Chris Hipkins says he's not worried a capital gains tax implemented by a future Labour-led government might drive the wealthy offshore, because most other countries already have one.
The Opposition leader, who ruled out campaigning on capital gains and wealth taxes ahead of the 2023 election, in a speech at the weekend said both were back on the table, as was a land tax. The idea is to ease the tax burden on salary and wage earners, who are "shouldering a disproportionate share" compared to those whose money comes from their wealth.
"Under this government, those with multiple investment properties are getting huge tax breaks while those on salary and wages pay tax on every dollar they earn," Hipkins told supporters on Sunday.
Labour considered a capital gains tax, but ruled out campaigning on it in both 2020 and 2023. Hipkins ruled out a wealth tax, as proposed by the Greens, last year - despite it having interest from then-Finance Minister Grant Robertson and Revenue Minister David Parker, the latter of whom quit after Hipkins' captain's call.
"Well, you know, that was then and this is now," Hipkins told Morning Report on Monday.
"I think we have to realise, you know, we have to accept at some point in the country that the tax system that we've got is unsustainable. You know, with fewer people paying PAYE - pay as you earn - tax as a proportion of the workforce, we're going to have to do something to recognise the fact that, you know, all of the public services that we currently fund out of our tax revenue - so, health, education, you know, the infrastructure that we build, welfare system, superannuation - we're going to need to be able to continue to fund those things into the future, and our current tax system is going to struggle to do that."
An investigation by Inland Revenue last year found the wealthiest were paying less than half the amount of tax, across all forms of income, than most other New Zealanders - because of untaxed capital gains from businesses, property and other investments.
"We will be very clear with the country what we put forward as our tax policy well before the election, so that people know what they're voting for," Hipkins said.
"But I do think increasing numbers of New Zealanders want to have this discussion. I think they see that the tax system is unsustainable as it is."

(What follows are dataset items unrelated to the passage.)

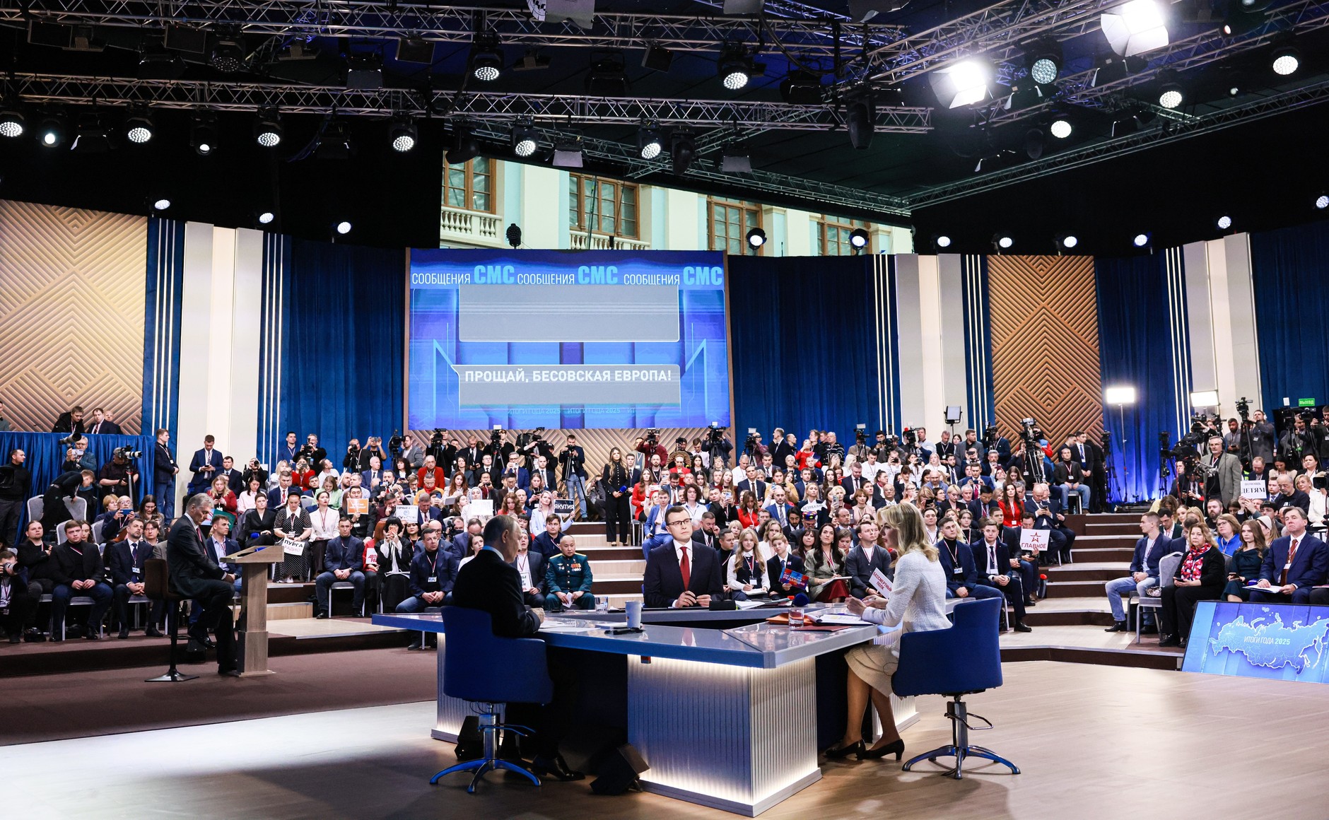 ماسکو کے تاریخی گوسٹینی دوور میں منعقد ہونے والے اس براہِ راست پروگرام میں صدر پوتن نے ملکی و غیر ملکی صحافیوں اور عوامی سوالات کے جواب دیتے ہوئے کہا کہ روس امن کے ذریعے اس تنازع کا خاتمہ چاہتا ہے، تاہم اس کے لیے ضروری ہے کہ بحران کی بنیادی وجوہات کو ختم کیا جائے۔ انہوں نے کہا کہ روس کی جانب سے متعدد مواقع پر مذاکرات کی پیشکش کی گئی، مگر یوکرینی قیادت نے سنجیدہ رویہ اختیار نہیں کیا۔
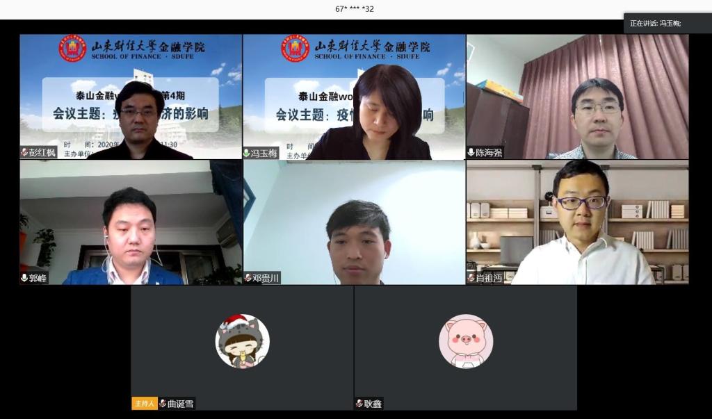 (通讯员:曲诞雪)4月24日上午,由山东财经大学金融学院主办,山东省金融学会秘书处、山东省金融产业优化与区域管理协同创新中心承办的“泰山金融workshop(第4期)”通过腾讯会议客户端成功举行。本期会议邀请厦门大学王亚南经济研究院和经济学院金融系教授、博士生导师陈海强,上海财经大学公共经济与管理学院投资系副教授、北京大学数字金融研究中心特约高级研究员郭峰,中山大学国际金融学院科研博士后邓贵川和山东财经大学金融学院副教授肖祖沔共同就“疫情对经济的影响”这一话题展开研讨。本期会议由金融学院副院长冯玉梅主持,院长彭红枫致辞,学院部分教师和学生通过腾讯会议平台观看了会议直播。
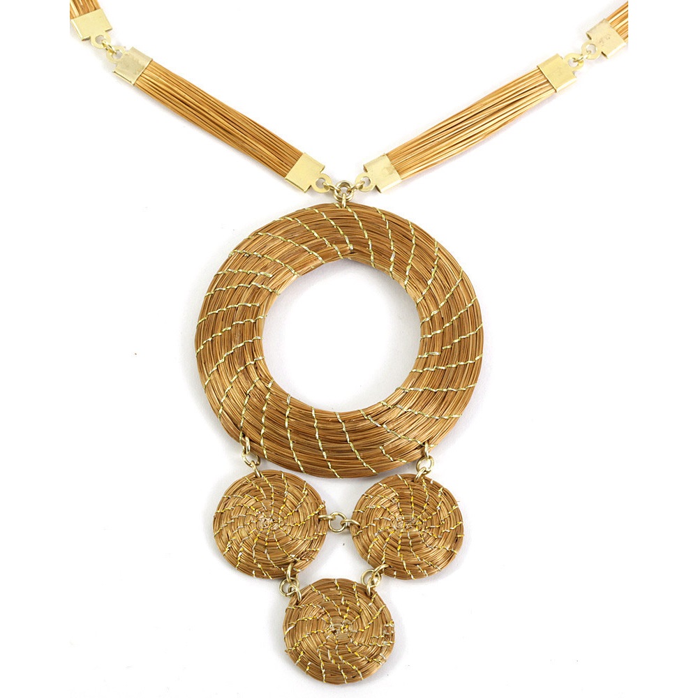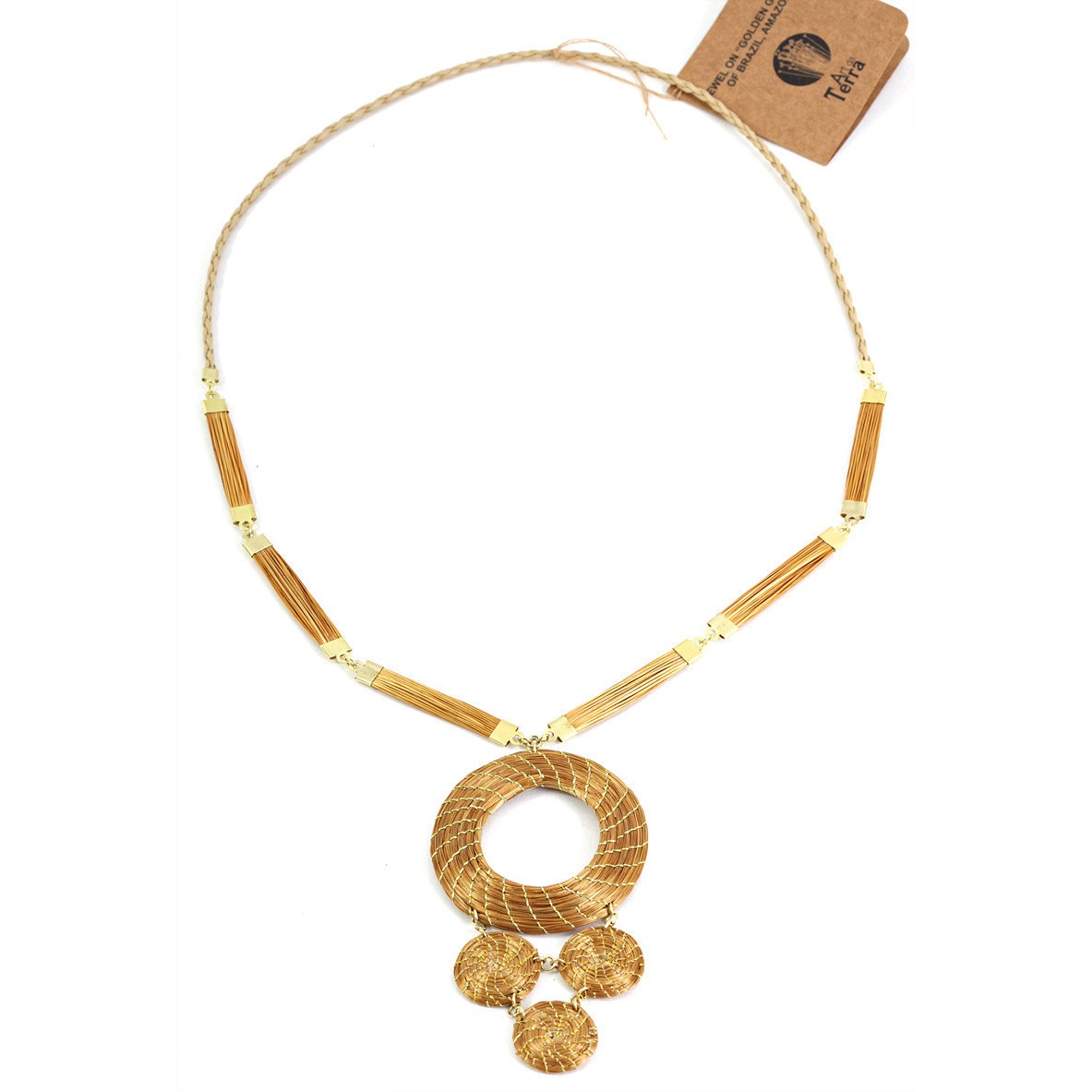Through the use of indigenous fiber materials like buri and organic golden grass, found only in Brasil, Art da Terra creates handcrafted costume and fashion jewelry and handbags. The technique of intertwining golden grass, natural fibers and textiles into intricate designs by hand adds distinctive character to Art da Terra's creations. Own a piece of Brasil with this single strand bangle set made from golden straw found in the Amazon.

The International Monetary Fund (IMF) last week said New Zealand "would benefit from a more efficient, equitable, and sustainable tax system" to encourage productivity, and "increase the progressivity of income tax". The global body also said the country should "mobilise additional revenue in response to long-term fiscal challenges", including a "comprehensive capital gains tax, land value tax, and changes to corporate income tax".

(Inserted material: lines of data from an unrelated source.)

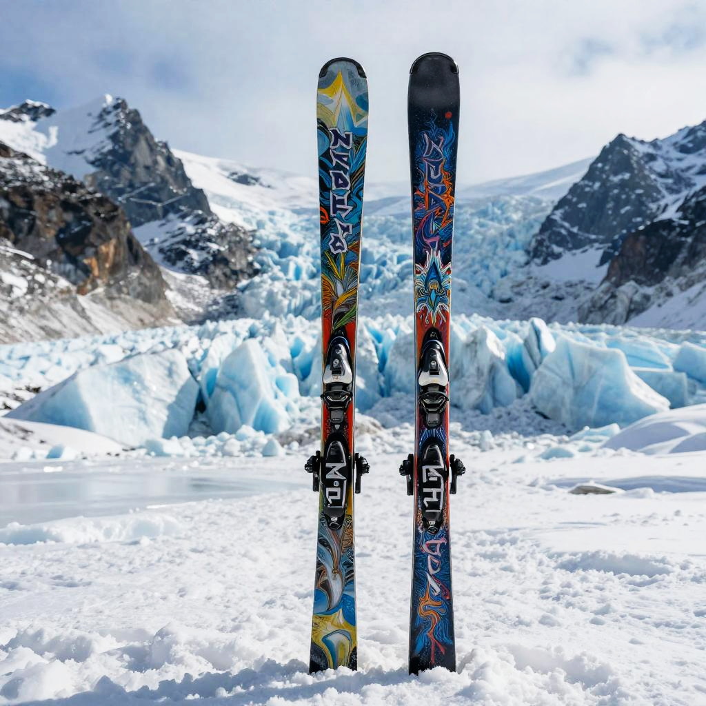 Iron maiden skis showcased prominently on a glacier with icy blue peaks in the background, vibrant and elaborate heavy metal artworks on the skis, metallic textures reflecting sunlight, pristine snow, atmospheric cold mountain environment, artistic and edgy style.
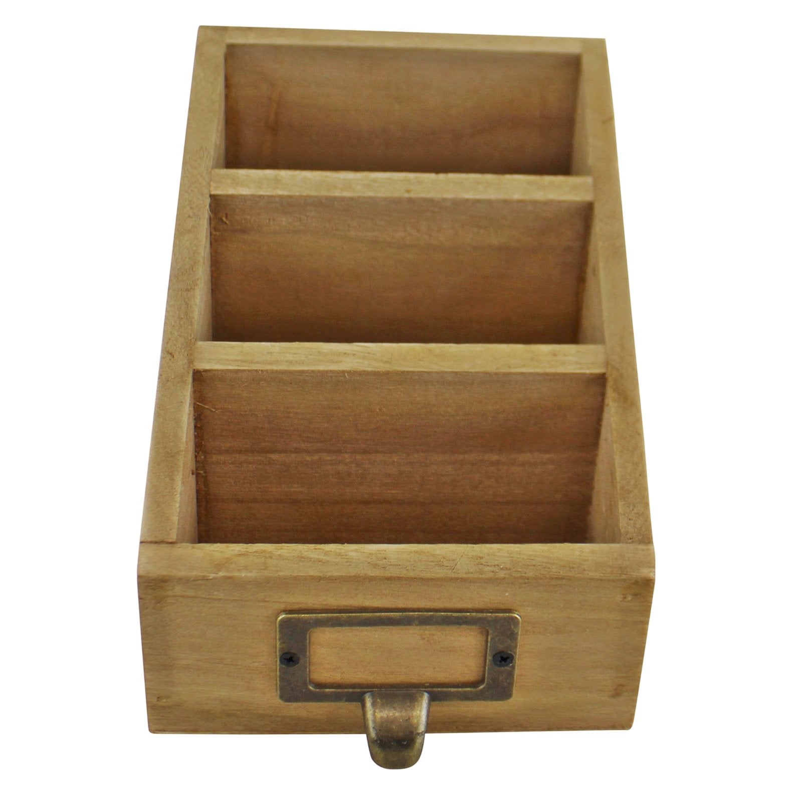 This product co-ordinates perfectly with our classic trinket drawers and features 3 slots for storing desktop items. There is also a handy space to the front for a label to be inserted into. Made of Firwood with a metal slot to the front. Measurements: Depth 19 x Height 10 x Width 12cm. Internal measurements of the slots are 10cm wide and 5cm deep, the front slot is 5cm high, middle slot 8cm high and rear slot 10cm high. The nameplate card insert size is 4.5 x 2.5cm with a display area of 4 x 2cm (not included).
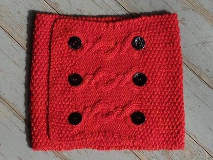 An easy introduction to cables this double breasted neck warmer, vaguely reminiscent of Victorian military uniforms, uses cables to cradle the buttons and to stand out against the seed stitch background. Easily adjustable to different sizing, this pattern has both written and charted instructions.
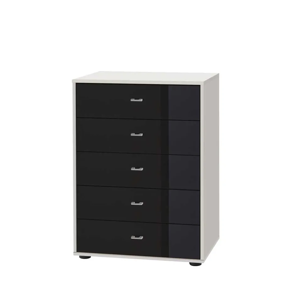 - Weiße Oberflächen foliert, Schubkastenfronten mit Glas beschichtet

"When even the IMF is saying our tax system is broken it really is time to do something," Hipkins said on Sunday.
While a poll last year found a majority of voters would back a capital gains tax on investment properties, most would not like one on the family home. New Zealanders' reliance on property as their primary investment has been noted by the IMF as an ongoing risk to the economy, due to "high household debt, borrowers' vulnerability to rising interest rates and banks' high exposure to housing".
Asked if a wealth or capital gains tax could result in "capital flight" - investors taking their money out of New Zealand to spend elsewhere - Hipkins said it was "certainly one of the risks of something like a wealth tax".
"But there are a range of options on the table, wealth tax only being one of them - a capital gains tax, you know, we have to look at land tax - we've got to look at a range of options and the strengths and weaknesses of each of those.
"If you look at something like a capital gains tax, for example… that would be one of the least-riskier options in terms of wealth flights, because most of the countries that people would move their wealth to also have a capital gains tax. We're actually an international outlier in not having one.
"Having said that, I'm not narrowing down the options at this point. I think it's important that we work through those."
'Lunacy'
ACT leader David Seymour rejected Labour's assessment of the tax system, telling RNZ the opposition's prescription was driven by envy.
"They need to stop looking at policies that set people against each other... and [instead] ask, how does New Zealand become more affordable and ultimately more prosperous overall?"
Seymour said taxes on capital gains were "taxing twice" as property investors already had to pay tax on the rental income from that asset.
"[A CGT] is basically an opportunity to grab money off people who have got it and ACT would always argue that's the opposite of the values that will make us more prosperous as a country."
Seymour also rejected the notion New Zealand had a "massive revenue problem" and said "more effective spending" was the solution.
"Let's just remember that New Zealand's economy actually has more tax as a percentage of GDP than many of the countries that we like to compare ourselves with, I'm thinking, Australia, the United States, Canada."
New Zealand First leader Winston Peters also attacked Labour, tweeting Hipkins was only proving his irrelevance and did not understand a nation could not "tax itself into prosperity".
"His terminal plan to take Labour further to the lunacy of the economic and social left is palpable."
Greens co-leader Chlöe Swarbrick says the tax burden falls unequally on middle-earners rather than those with the most money, received through big capital gains.
She told Morning Report she and the Greens welcomed Labour " to a desperately long overdue conversation on tax reform".
"Labour's own commissioned advice and evidence from when they were last in government, from IRD last term, told us that we have a tax system that says the wealthiest pay and effective tax rate less than half of that is the average New Zealander.
The Green Party has been proposing a wealth tax to pay for a universal guaranteed income and more infrastructure spending.